Rodrigues partiu em silêncio. Yoshinaka e os samurais o seguiram. Ao portão o português reuniu as armas. Logo foi engolido pela noite.
Yoshinaka esperou até que as sentinelas se dispersassem. Quando ficou satisfeito de que estava tudo seguro, dirigiu-se coxeando para os seus aposentos. Blackthorne sentou-se de novo numa das almofadas e pouco depois a criada que ele mandara buscar saquê surgiu com a bandeja. Serviu-lhe um cálice e teria ficado para servi-lo, mas ele a dispensou. Agora estava sozinho. Os sons da noite rodearam-no de novo, o murmurar da queda d'água e os movimentos das aves noturnas. Estava tudo como antes, mas tudo mudara.

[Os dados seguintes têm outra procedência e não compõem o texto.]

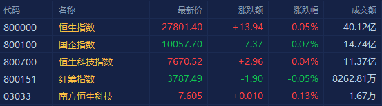 港股主要指数开盘涨跌不一,恒指涨0.05%报27801点,国指跌0.07%报10057点,恒生科技指数涨0.04%报7670点。

Tristemente ele esticou o braço para reencher o cálice, mas ouviu um roçar de seda e a mão de Mariko segurou o frasco. Ela o serviu, e outro cálice para si mesma.
— Doino, Mariko-san.
— Do itashiinashité, Anjin-san. — Ela se acomodou sobre a outra almofada. Beberam o vinho quente.
— Ele ia matá-lo, neh?
— Não sei, não com certeza.
-— O que significava aquilo: procurar como um espanhol? — Alguns deles despem os prisioneiros e depois investigam em lugares íntimos. E não com gentileza. Chamam a isso de procurar con significa, com significado. Algumas vezes usam facas. — Oh. — Ela tomou um gole e ouviu a água entre as pedras. — Acontece o mesmo aqui, Anjin-san. Às vezes. É por isso que nunca é prudente ser capturado. Se se é capturado, fica-se tão completamente desonrado, que qualquer coisa que o captor faça... É melhor não ser capturado. Neh?
Ele contemplou as lanternas movendo-se à brisa fresca e suave. — Yoshinaka tinha razão, eu estava errado. A busca era necessária. A idéia foi sua, neh? Você disse a Yoshinaka que o revistasse?

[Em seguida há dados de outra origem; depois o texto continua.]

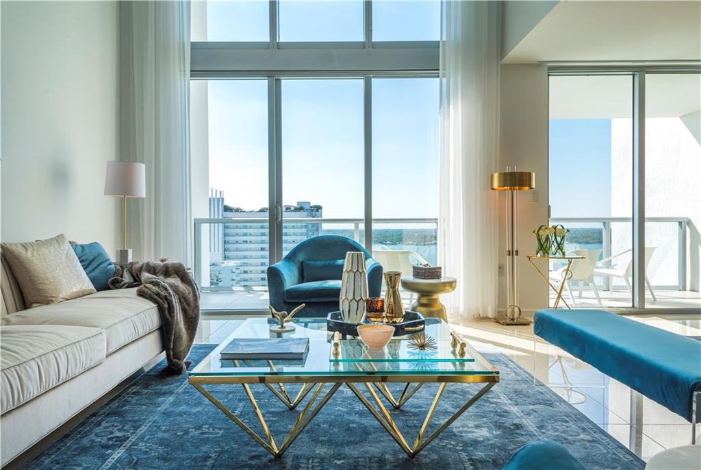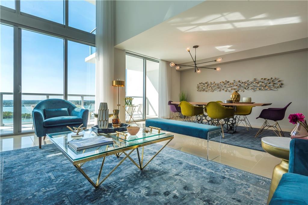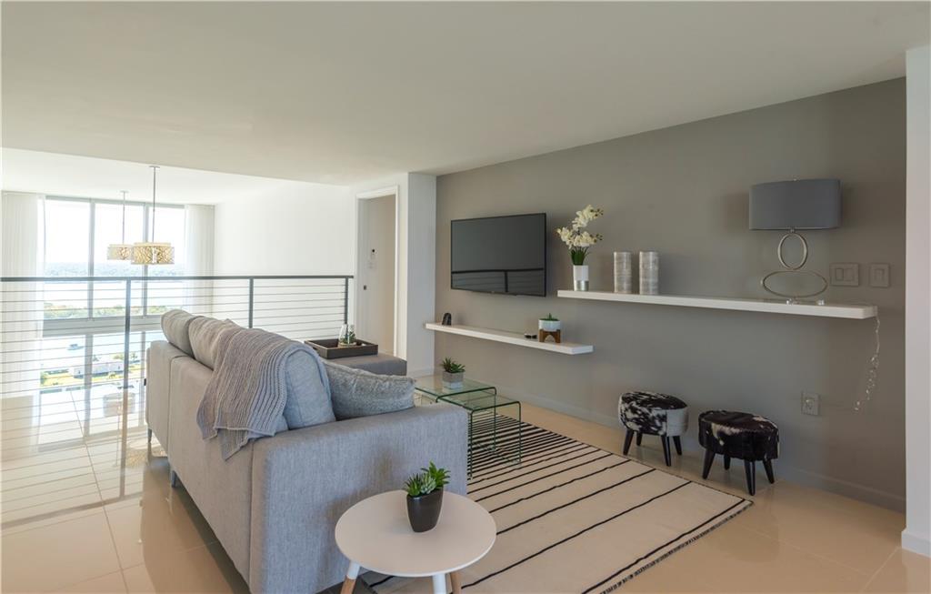 Stunning corner lower penthouse in luxurious Eloquence on the Bay condominium with sunrise to sunset water views from every room. One of a kind home in the sky, 3 bedroom 3 and a half bath loft with flow through porcelain tile, high end kitchen aid appliances, custom kitchen cabinetry, large balconies in every room to enjoy the ocean and intercostal views, floor to ceiling high impact windows in every room. Eloquence on the bay amenities are unique also with basketball court, tennis court, jacuzzi, large swimming pool, state of the art gym, event room, 24/7 security and concierge service. This unit includes 2 assigned parking spot.

— Por favor, desculpe-me, Anjin-san, espero que isso não lhe tenha criado algum embaraço. Foi só porque eu estava com medo por sua causa.
— Agradeço-lhe — disse ele, em latim de novo, embora lamentasse que tivesse havido uma busca. Sem a vistoria ele ainda teria um amigo. Talvez, admoestou-se ele.

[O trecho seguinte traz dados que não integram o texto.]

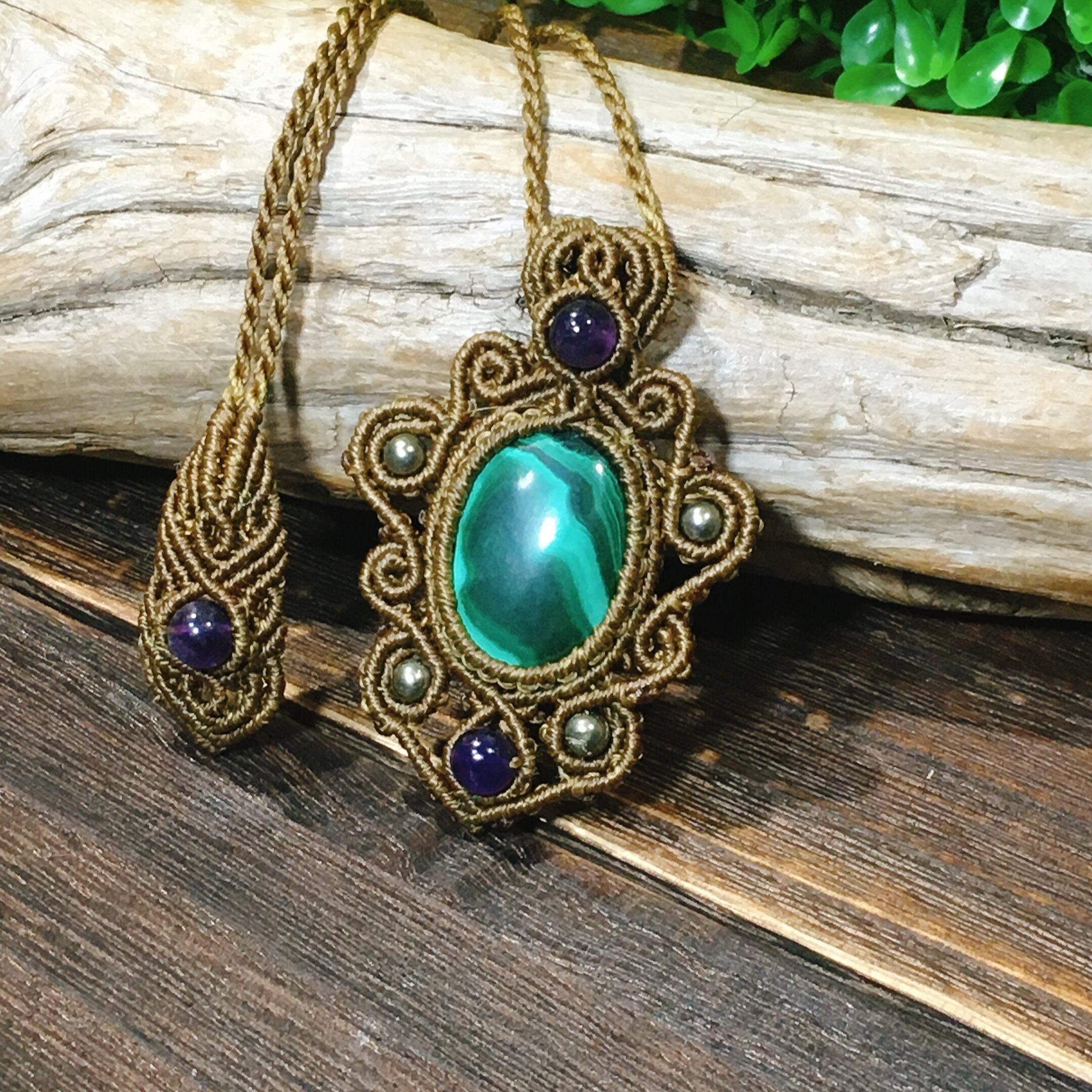 マラカイト、アメジスト、パイライトを使用したマクラメペンダントです。

— Não há de quê — disse ela. — Mas era apenas o meu dever.
Mariko estava usando um quimono de noite e um sobrequimono azul, o cabelo trançado frouxamente, caindo-lhe até a cintura. Olhou para o portão, que se podia ver por entre as árvores. — Você foi muito esperto quanto à bebida, Anjin-san. Quase me belisquei de raiva por ter esquecido de prevenir Yoshinaka sobre isso. Você foi muito astuto em fazê-lo beber duas vezes. Usa-se muito o veneno nos seus países?